By: Ashley Avery, First Florida Credit Union
When the World Wide Web launched in 1991, no one could say with certainty what the world of the web would look like in 2020. They only knew it was going to change the world.
Our ability to connect and explore has grown exponentially. And so have the opportunities for our lives to be digitally hacked. We’re now operating daily on a platform that offers up our personal data, and we’re still learning how to protect it. Personal data theft is now so prevalent; it’s not if, but when.
In 2018, there were 1.4 million fraud reports submitted to the Federal Trade Commission (FTC). The most common fraud and scams are:
- Imposter Scams
- Debt Collection
- Identity Theft
- Phone Fraud
- Credit & Debt Recovery
- “Free” Trials
- Fake Charities
- Fake Lottery & Sweepstakes
First Florida has a dedicated team of IT security personnel, elite security software, and highly trained staff that take all precautions to protect our members’ data. But what if you’re a regular Joe who uses the internet like everyone else without a team of professionals by your side?
There are two easy ways you can take action today that will greatly increase your chances of avoiding fraud.
Learn to Spot Malicious Emails
Have you heard of social engineering? It’s a term you’re likely to hear again. Social engineering is the use of deception to manipulate individuals into divulging confidential or personal information that may be used for fraudulent purposes.
Malicious emails are a prime example of social engineering. Believe it or not, they are still an effective way for hackers to get your personal information or even tap into your personal accounts. When you receive an email that looks suspicious, first look at the domain. The domain is anything that comes after the @ symbol in the email address. This is usually the first indicator that the email is malicious. There is usually something that indicates it is different than legitimate emails you may have received previously, such as an extra dash or a misspelling.
Look for other signs in the body of the email. Often malicious emails will solicit you to take some form of action, using language that creates a sense of urgency, such as asking you to verify a purchase or enter your payment information to complete a transaction. These emails can be scary because they can closely mimic emails you may have received before. Instead of clicking on the link, if it’s a provider you use, contact them directly and verify the email was sent to you.

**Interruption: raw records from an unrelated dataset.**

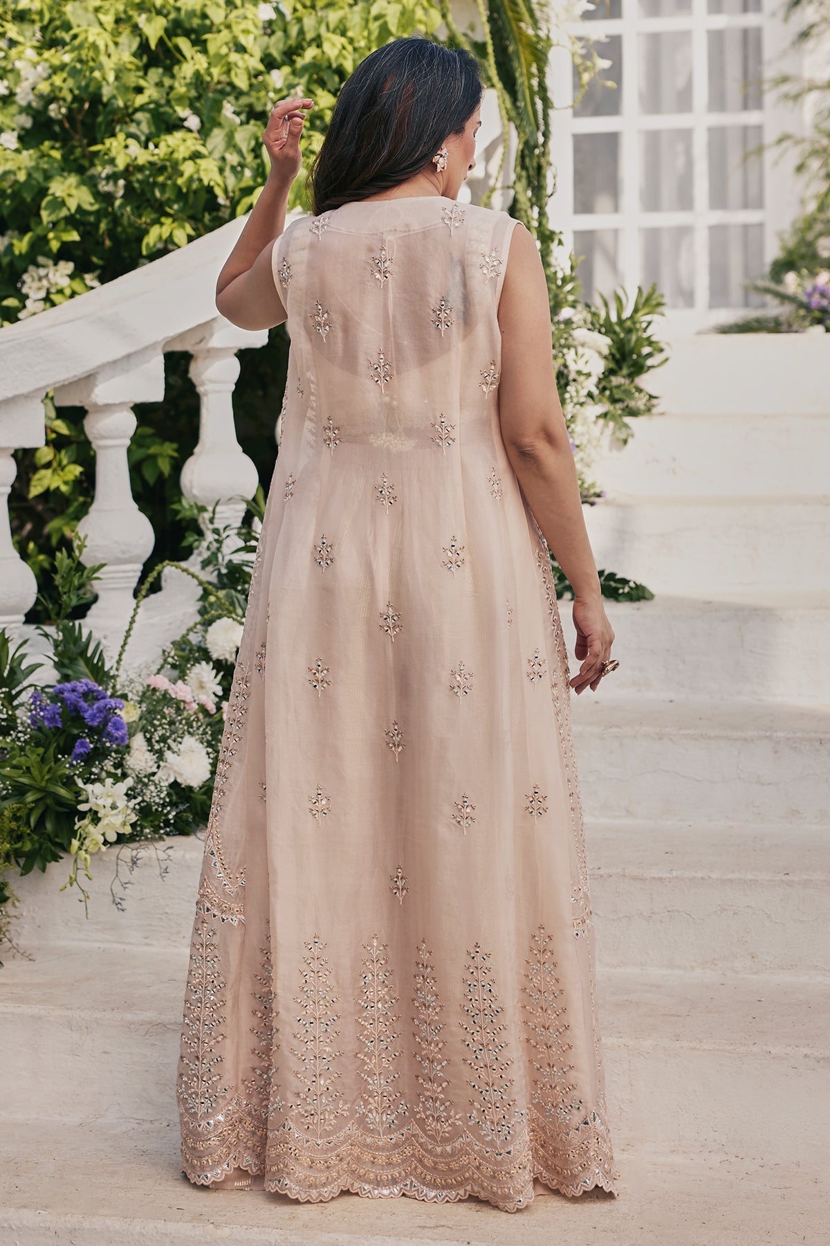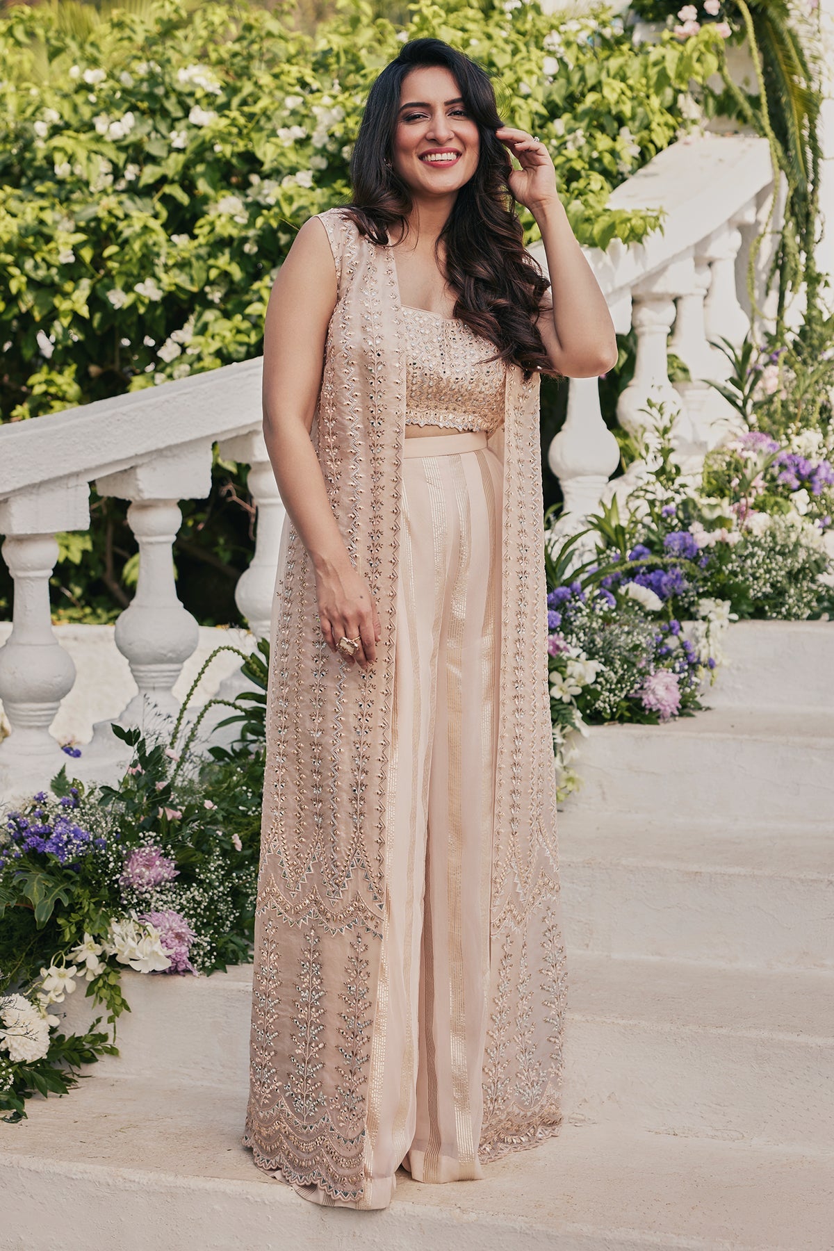 Peach raw silk embroidered blouse with mirror and gota work detailing paired with georgette pants and organza embroidered jacket.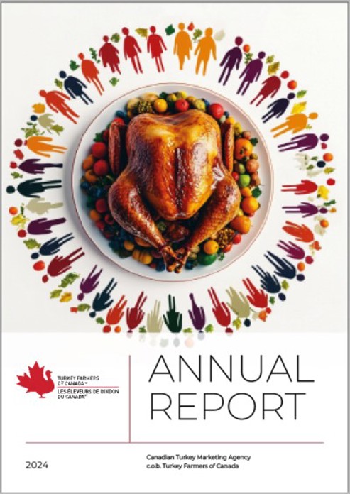 The 2024 Annual Report of the Canadian Turkey Marketing Agency (c.o.b. Turkey Farmers of Canada) is prepared for presentation to the Federal Minister of Agriculture and Agri-Food, the Farm Products Council of Canada and TFC Members.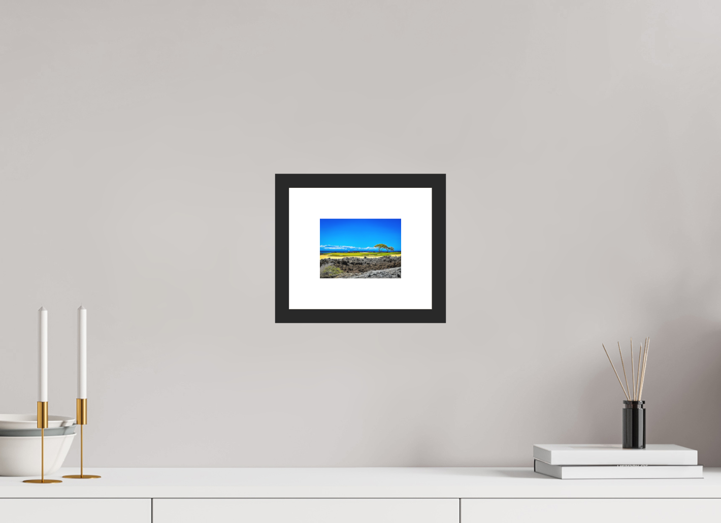 Timeless and elegant. This option pairs a natural wood or black/white frame with a 2″ archival mat for a museum-style display.

Practicing Good Password Hygiene
Online transactions are a part of our everyday lives, too, which makes practicing good password hygiene imperative. But how? For starters, you can safeguard your passwords or passphrases by ensuring they are:
- Unique between websites and services
- Never shared
- Stored in a password manager
It can be inconvenient at times, but when the password is the only thing separating someone else from accessing your accounts, perhaps making a little more effort is an acceptable tradeoff.

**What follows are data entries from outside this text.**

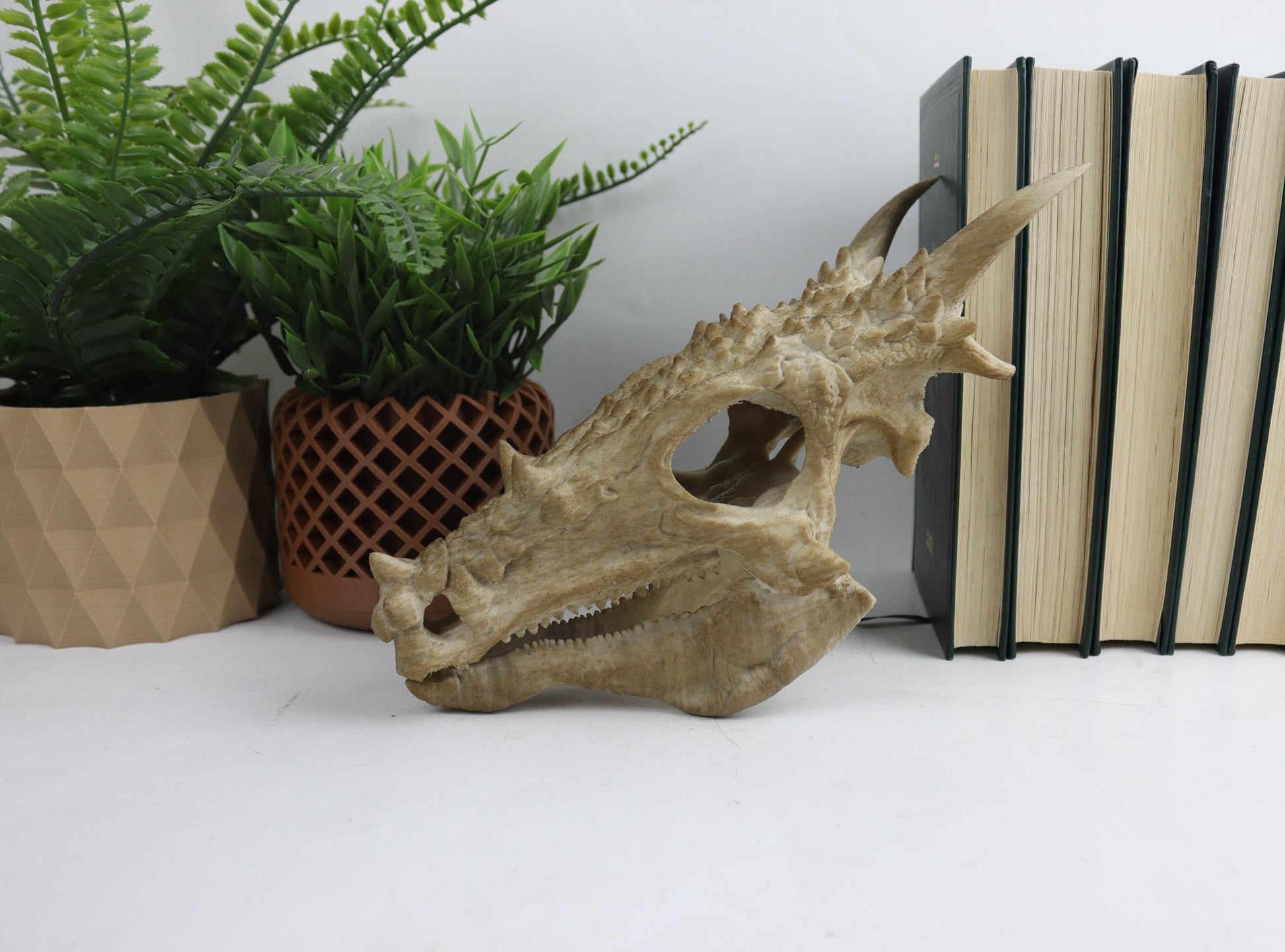 Bring the awe-inspiring world of dinosaurs into your home with this beautifully crafted Aged Dracorex Skull replica. Handcrafted with stunning attention to detail, this fossil-inspired piece features realistic textures and finishes that capture the raw beauty of prehistoric times. Ideal for collectors, paleontology enthusiasts, or anyone who appreciates unique, educational home decor. Whether displayed on a bookshelf, desk, or as a striking focal point in your living room, this Dracorex skull adds a touch of ancient wonder to any space. The perfect gift for dinosaur lovers, history buffs, or fans of natural history.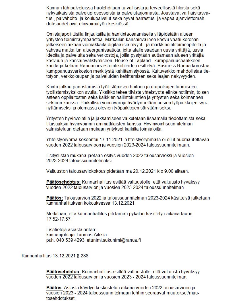 Pöytäkirja 13.12.2021/Pykälä 288
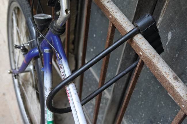Stehen Fahrräder im Hausflur, auf dem Grundstück oder in einem allgemein zugänglichen Fahrradkeller, sollten sie unbedingt angeschlossen werden. Einige Versicherungen verlangen, dass sie sogar im eigenen Keller angeschlossen werden müssen. Nach Erfahrungen der Polizei nehmen sich Fahrraddiebe höchstens drei Minuten Zeit, um ein Fahrradschloss zu knacken. Hält ein Schloss diesem ersten „Angriff“ stand, lässt der Dieb meist von Schloss und Fahrrad ab. An guten Bügel-, Falt- und Kettenschlössern beißen sich selbst Profis mit Bolzenschneidern die Zähne aus. Bei Versuchen der Stiftung Warentest erzielte allerdings nur jedes vierte Schloss ein gutes Ergebnis. Einige Versicherer akzeptieren deshalb nur Schlösser bestimmter Hersteller. Die Stiftung Warentest untersucht in regelmäßigen Abständen die rund 300 auf dem Markt befindlichen Bügel-, Falt-, Ketten- und Panzerkabelschlösser. Ernüchternd: „Kein Fahrradschloss bietet absolute Sicherheit.“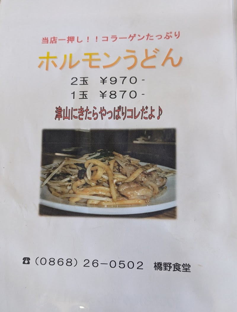津山市のB級グルメ・津山ホルモンうどんで有名なお店です。東津山駅から徒歩10分ほどですが、便数が少なく公共交通機関でのアクセスはいいとは言えません。食堂という名のとおり、店内は街の大衆食堂という雰囲気で、どちらかというと観光客よりも地元の人向けのお店という雰囲気です。メニューもホルモンうどんのみではなくほかにもあります。ホルモンうどんは辛さが普通・ピリ辛・激辛の3段階あります。値段はどれも同じです。普通を注文しましたが、それでも多少は辛さがありました。個人的にはもっと甘い味付けのほうが好きなんだけどな、と思う部分はありましたが、これが津山ホルモンうどんの味付けなのかな・・?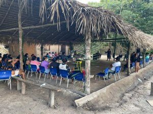 Com o objetivo de debater sobre a saúde da mulher Guajajara e compartilhar saberes entre mulheres indígenas de diferentes territórios como forma de fortalecer o corpo, o espírito e a terra, aconteceu o primeiro Encontro Saúde da Mulher Indígena Guajajara na Aldeia Januária, na Terra Indígena Rio Pindaré (Maranhão), no mês de julho. O evento reuniu cerca de 80 mulheres indígenas dos povos Guajajara e Awá, além de profissionais da área da saúde, como médicos, enfermeiros e agentes de saúde, e lideranças indígenas, entre elas caciques e pajés. A ação faz parte de um conjunto de atividades dentro do Subprograma Saúde, no âmbito do Plano Básico Ambiental – Componente Indígena (PBACI), implementado pelo ISPN.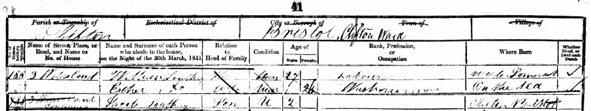 | Charlotte SOUTHWAY | Daur | Unm | 15 | Laundress | Clifton, Bristol |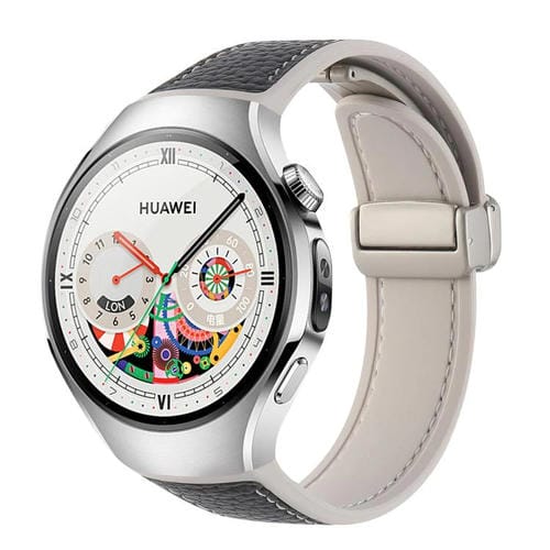 Correa de silicona híbrida de cuero con hebilla magnética para Huawei Watch 5 de 46 mm (negro lichi)

Most people have several online accounts, and chances are the same password has been used across at least one of those accounts. This practice increases the risk that your account will be compromised. The risk-scenario is most often realized when any one of those services or websites has lost control of its own passwords (commonly known as a breach). Those lost passwords include your password. When this happens, the set of credentials lost (which you may also use at two or more locations) will be sold, traded, or posted publically. It is only a matter of time when the credentials on a list are tried against popular sites and may match the login for your accounts. The term for this technique is called “credential stuffing” and is incredibly successful!

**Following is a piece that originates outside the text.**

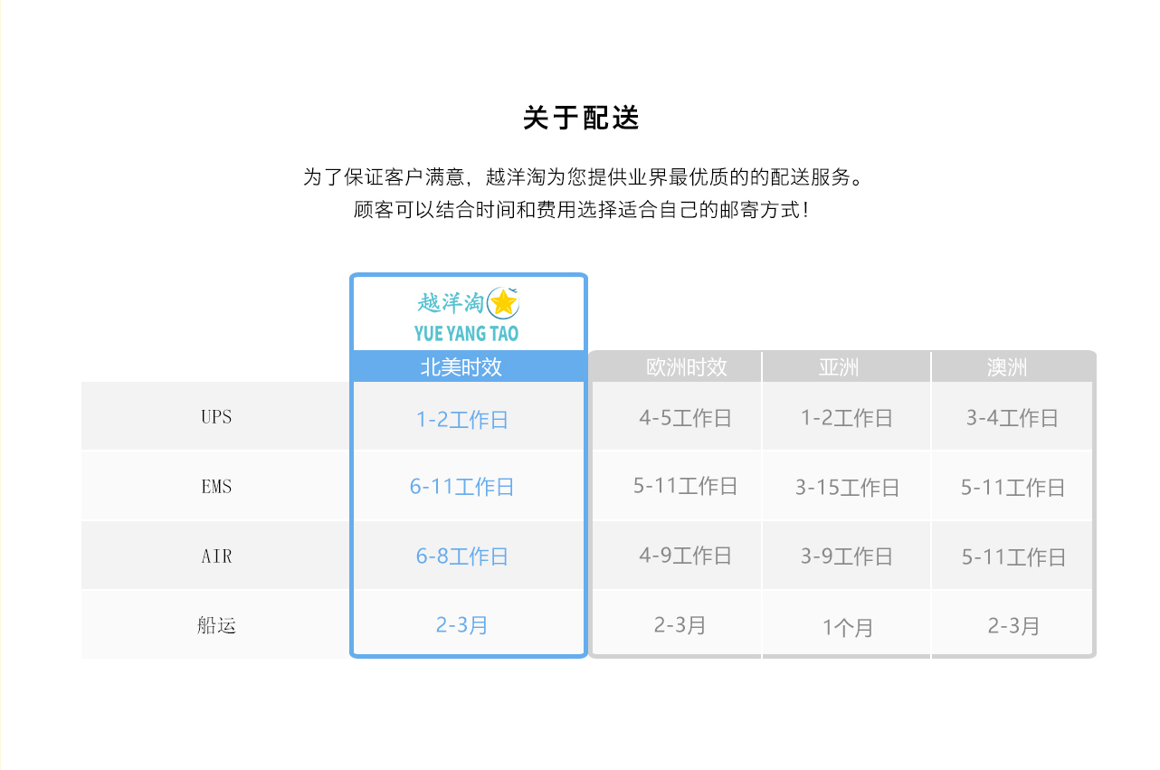 YUE YANG TAO 提供以下的配送方式:UPS / DHL / EMS / 航空 / 海运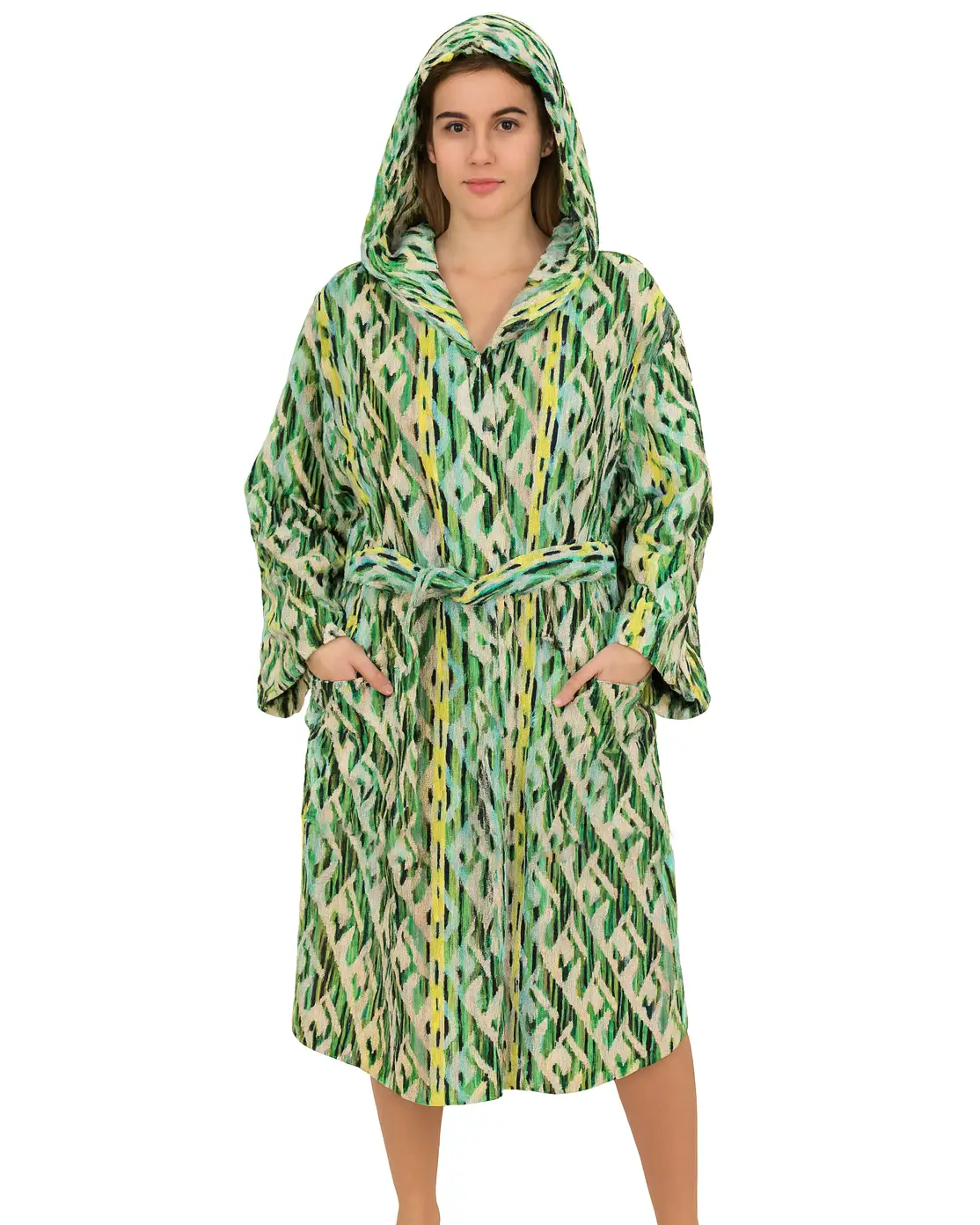 L’accappatoio ha ampio cappuccio, tasche laterali e cintura in vita.

So, how do you defend against this real risk?
- Never reuse passwords across websites or services. Change your accounts to have unique passwords now! First Florida recommends using unique passphrases, phrases that are complex, but are easier for you to recall.
- Be aware of where you type your credentials. Logging in after clicking a link from an email requires an abundant amount of caution. Remember that credential theft is one of the primary targets of phishing emails.
- Use a second factor to login when it is offered. This goes by many names – Multi-Factor Authentication (MFA), 2-Factor Authentication (2FA), or two-step authentication. This will require you to enter a separate, one-time code that is usually sent to your phone to obtain entry into your online account. First Florida Credit Union offers this security service for members.
- Never use easily found information for a password. Avoid using words or phrases in your passwords that are easily found on your public social sites, such as your pet’s name, where you were born, your birth date, or anything similar.
Adequately securing your accounts online should be as important to you as locking your home or vehicle. It does not guarantee protection, but it is an easily managed safeguard against intruders.
Cyberattacks occur in many ways. Taking action today with the tips above could prevent you from being the next victim. We always remind our members that First Florida will never call, email, or text you to ask for your personal information. Any credible institution or business should never ask, either. Always keep this in mind. If they do, it’s probably a scam.